If you believe in the continued gobbling up of Earth's resources to make stuff, you are obviously not concerned that the world economy since 1950 has consumed the equivalent amount of resources used in human history from the beginning of time to 1950.
It probably also doesn't concern you that for every 100 pounds of product manufactured in the United States, at least 3,200 pounds of waste are created.
What's the problem? None according to A. Clark Wiseman of Spokane's Gonzaga University. He figures that, at the current rate, Americans could put all of the trash generated over the next 1,000 years into a landfill 100 yards high and 35 miles square. Or dig a similar-size hole and plant grass on top after it was filled.
Wiseman's 35-square mile plots can be found in some U.S. states such as Nevada, Utah, Wyoming, North Dakota, Montana, and Idaho. It is perhaps therefore not surprising that these are the states that collectively spend the least on recycling in the U.S. -- a combined total of only $497,400 in their 1997-98 budgets. Compare that to Washington state's $12 million recycling budget and a better than 40 percent recycling rate.

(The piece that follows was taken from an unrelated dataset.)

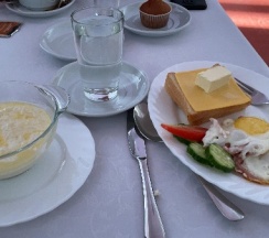 На внешний вид гостиница выглядит немного потасканной, однако внутри помещение обставлено вполне прилично и даже приятно. Обслуживающий персонал вполне порадовал, достаточно добрые и отзывчивые люди. Сама гостиница представляет собой "общежитие" но очень больших размеров. В главном холле есть бар, различные развлечения по типу боулинга и бильярда, так же есть пристроенные рестораны в одном из которых проходит завтрак. Сам ресторан неп дозой однако в данном помещении прохладно по утрам. Ужин проходит в баре, за небольшими но удобными столиками. Еда которую подают очень вкусная а главное сбалансированная так, что вы получаете всё так необходимые для организма белки, жиры, углеводы и различные витамины.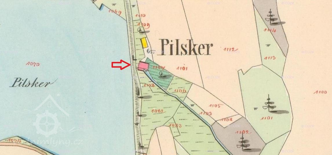 Zachovalá budova na břehu rybníka Pilsker/Pilka u Pičína.

If you have lots of room in your backyard to dump waste, you're likely not to be easily convinced of the necessity to change your wasteful practices. And if you don't believe the warnings of scientists around the world about an impending scarcity of resources, then its business as usual for you. Go away and don't bug me, recycling kid.
But that's not the attitude in Europe, particularly in Germany and the Scandinavian countries. Recycling is a very high priority in Scandinavia and is being implemented through recently passed producer responsibility legislation. Landfilling is being discouraged through landfill taxes and the prohibition of landfilling of organic wastes.
The principle objective of Danish waste policy is to reduce the amount of waste and its environmental burden. Priority is given to preventative strategies that reduce waste production. Recycling is also a high priority and Denmark has established an ambitious target to recycle 50% of its waste by the year 2000.
In Sweden, 38 percent of municipal solid waste is incinerated with energy recovery, 32 percent is recycled or composted, and 30 percent is landfilled. Sweden is instituting a disposal tax in the next year in the range of $30 per ton for landfilled waste and will begin to implement producer responsibility legislation which requires manufacturers to take back discarded products and packaging for reuse or recycling. Mandatory take back schemes are being put in place for newspaper, packaging, tires, batteries, and automobiles.
By 1990, the German Federal Environment Ministry estimated that landfill capacity would run out in two to five years and population density made it virtually impossible to find new sites. A new packaging law was passed in 1991 based on the "polluter pays" principle, which requires manufacturers that produce the packaging be responsible for disposing of it.
"This reverses the conventional approach, as in the United States, where waste disposal is the burden of municipalities," says Betty Fishbein of Inform, Inc., a private, non-profit environmental research organization in New York City. Fishbein has written a book on the German system to encourage North American policymakers to study the German experiment. "It makes environmental sense to ask manufacturers to consider the entire life-cycle of their products," Fishbein says, "and we can learn from Germany's experience."
Today the typical German kitchen has containers for seven categories of recyclables -- different colours of glass and kinds of plastic, newspapers, magazines, and metal cans. An eighth category, discretely hidden under the sink in a plastic bag is for organic food waste. Squeezed in a corner is a container for the rest.
So much for filling up the backyard with trash.
TRASH TIP - The latest service in Germany is a mobile dishwasher, a trailer stocked with two industrial strength dishwashers and crates of china, glasses, and flatware for three hundred people. Sporting clubs and other groups rent it instead of using disposable paper or plastic. Some larger cities have banned the use of disposable beverage containers at events held on public property, which in Munich has cut the waste from the Oktoberfest by more than half.